For the DSS-induced colitis model, 8-week-old male Rnf128+/+ and Rnf128−/− mice were administered with 2.5% DSS drinking water for 7 days. Colitis disease activity index (DAI) was calculated daily based on the following criteria: weight loss from baseline (score: 0, no weight loss; 1, 1–3% weight loss; 2, 3–6% weight loss; 3, 6–9% weight loss; 4, >9% weight loss); stool consistency (score: 0, normal; 1, soft but still formed; 2, soft and loose stools; 3, very soft and wet; 4, watery diarrhea); and blood (score: 0, normal; 1 and 2, focal bloody stool; 3, blood traces in stool; and 4, gross rectal bleeding).
For the bone marrow chimeric mouse model, recipient mice were subjected to irradiation at a dose of 6 Gy. A total of 5.0 × 106 donor bone marrow cells were injected into each recipient mouse via tail vein (i.v.). After 7 weeks, the chimeric mice were treated with DSS to induce colitis. The effect of transplantation was detected by western blot.
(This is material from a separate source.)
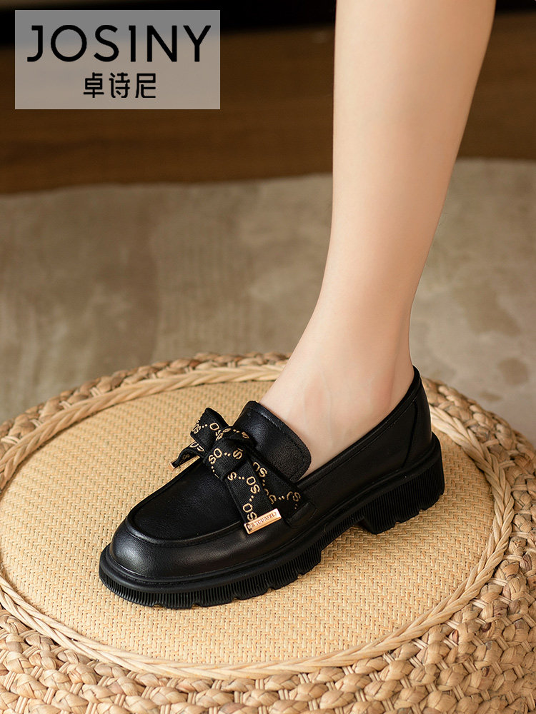 Обувь для кожаной обуви в английском стиле на платформе, демисезонные флисовые японские черные лоферы, в британском стиле
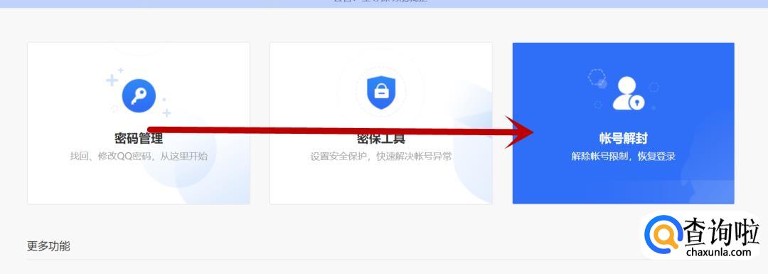 接下来将直接进入QQ安全中心界面,在界面中用鼠标点击“账号解封”选项,进入下一个界面。

For the macrophage depletion model, 200 µL of clodronate liposomes were injected intravenously into mice on Days 1, 3, and 5 to deplete intestinal macrophages according to the manufacturer’s recommendations. The mice were treated with 2.5% DSS the day after the last injection for 7 days.
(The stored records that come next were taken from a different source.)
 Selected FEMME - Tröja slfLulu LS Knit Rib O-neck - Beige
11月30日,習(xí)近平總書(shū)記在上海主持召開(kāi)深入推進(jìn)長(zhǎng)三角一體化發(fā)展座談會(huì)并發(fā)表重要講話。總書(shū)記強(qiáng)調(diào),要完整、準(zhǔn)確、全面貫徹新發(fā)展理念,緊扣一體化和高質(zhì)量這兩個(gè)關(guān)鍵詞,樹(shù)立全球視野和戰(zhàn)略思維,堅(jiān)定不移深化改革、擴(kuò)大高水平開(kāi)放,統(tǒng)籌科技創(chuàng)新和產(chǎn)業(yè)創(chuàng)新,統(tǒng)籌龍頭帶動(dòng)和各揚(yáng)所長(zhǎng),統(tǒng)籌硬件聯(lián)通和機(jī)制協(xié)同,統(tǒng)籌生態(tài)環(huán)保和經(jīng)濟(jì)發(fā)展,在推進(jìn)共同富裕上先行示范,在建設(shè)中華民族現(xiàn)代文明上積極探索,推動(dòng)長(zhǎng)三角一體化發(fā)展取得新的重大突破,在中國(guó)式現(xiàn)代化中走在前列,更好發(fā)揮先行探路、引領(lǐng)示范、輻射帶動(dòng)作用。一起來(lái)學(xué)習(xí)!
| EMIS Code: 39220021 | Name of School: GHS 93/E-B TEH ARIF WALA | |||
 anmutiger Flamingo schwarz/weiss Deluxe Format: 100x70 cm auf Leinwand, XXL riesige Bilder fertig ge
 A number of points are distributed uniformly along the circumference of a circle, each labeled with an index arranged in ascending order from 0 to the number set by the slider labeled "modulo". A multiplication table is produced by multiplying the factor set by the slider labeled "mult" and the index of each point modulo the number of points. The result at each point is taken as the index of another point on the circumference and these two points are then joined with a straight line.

Neutralizing antibody treatment
The neutralizing antibody against S100A8 was produced via the classical hybridoma‒monoclonal antibody technique (Beijing BGI Protein Research Center). In brief, the full-length S100A8 protein was expressed via an Insect-Baculovirus expression system. The mice were intraperitoneally (i.p.) injected with 200 μg of S100A8 antibody on Days 0, 2, 4, and 6 after the initiation of 2.5% DSS treatment.
Immunohistochemistry
For tissue immunohistochemistry, dewaxed and rehydrated tissue sections were subjected to antigen retrieval in citrate buffer. Endogenous peroxidases and non-specific antigens were blocked with 0.3% hydrogen peroxidase and 5% fetal bovine serum. The sections were subsequently incubated with the indicated primary antibodies. HRP-linked secondary antibodies and DAB were used for color development. ImageJ was used for quantification of immunohistochemistry-positive areas.
Statistical analysis
Statistical analyses were performed with GraphPad Prism 9. Student’s t test was used to compare two groups of data. One-way ANOVA was used to compare more than two groups of data. Survival curves were generated via the Kaplan‒Meier method and compared via the log-rank test. The results are presented as the means ± SDs. P < 0.05 was considered significant.
Results
RNF128 is downregulated in proinflammatory macrophages
To identify pivotal genes involved in the pathogenesis and progression of IBD, we analyzed the differentially expressed genes from GSE4183 and found that RNF128 was significantly downregulated in the colonic mucosa of IBD patients compared with healthy controls (Figure S1A, B). This finding was confirmed by 6 other publicly available colitis datasets (GSE92415, GSE38713, GSE51785, GSE59071, GSE73661 and GSE87466) (Figure S1C). We also established an acute colitis mice model and observed that Rnf128 expression was markedly lower in colitis tissues than that in normal tissues (Figure S1D, E). These results suggest that decreased expression of RNF128 may be associated with IBD.
While previous studies have reported the function of RNF128 in colonic epithelial cells in IBD [15], its cellular sources and roles in other cell types remain largely unclear. We detected the ___location of RNF128 in different cell types within human and mice colitis tissues and found that RNF128 colocalized with CD68 and F4/80 (macrophage markers) but not with CD3 (lymphocyte marker), CD11c (dendritic cell marker), CD31 (endothelial marker), myeloperoxidase (MPO, neutrophil marker) or α-smooth muscle actin (α-SMA, fibroblast marker), indicating that RNF128 is expressed primarily in macrophages (Fig. 1A, B, Figure S1F). We further stimulated human peripheral blood mononuclear cells (PBMCs), mouse BMDMs and THP-1 cells with LPS and found that both the mRNA and protein levels of RNF128 were downregulated in a time-dependent manner (Fig. 1C, D). Moreover, RNF128 expression was lower in the PBMCs of IBD patients and the BMDMs of colitis mice than in those of healthy individuals or control mice (Fig. 1E–G). These results suggest that RNF128 expression is decreased in inflammatory macrophages.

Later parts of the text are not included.